Angiosperm hardwood species are generally considered to show an average smaller genome size with a narrow range of variation than their herbaceous counterparts. Various explanations pertaining to limitations of cell size exerted by wood fibers, the requirement of smaller stomata, longer generation time, large population size, etc., have been put forward to account for their small and constrained genome size. Yet studies done in the past several years show that genomically as well as evolutionarily, hardwoods are as diverse and active as their herbaceous counterparts. This is entirely supported by the presence of well developed inter and intraspecific polyploid series and natural triploidy in many genera. Polyploidy, in some instances has been shown to confer adaptability to arid and salt stress conditions and in colonization of new areas. Moreover, hardwoods also show reasonable amenability to the induced polyploidy which abruptly changes the balance between nuclear and cell size. Polyploidy has been induced in many hardwoods to restore fertility in interspecific hybrids and for the production of triploids.
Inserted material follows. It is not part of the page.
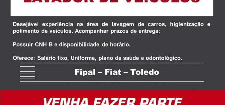 Cotidiano Fipal Fiat de Toledo abre vaga para Lavador de Veículos! Envie o seu currículo aqui! Há 4 dias

Furthermore, some cases studied show that genome size variation in hardwoods can be as variable as that of herbaceous species. Genome size has been shown to vary remarkably both at homoploid level as well as by polyploidy in certain genera. In the same way, the genome size is not correlated with the habit in certain groups having both herbaceous and woody taxa. This point is further proved by the presence of secondary and insular woody habit in certain cases where either the transition to woodiness is not followed by any diminution in the genome size, or the genome size of insular woody species may be even more than that of the congeneric herbaceous species. This shows that woody habit does not by itself put any constraints on the genome size either at homoploid or at polyploidy levels. The genome size in fact, not only varies significantly in many congeneric woody species but also may not show any correlation with the habit when woody and herbaceous species are compared in some narrow taxonomic groups studied.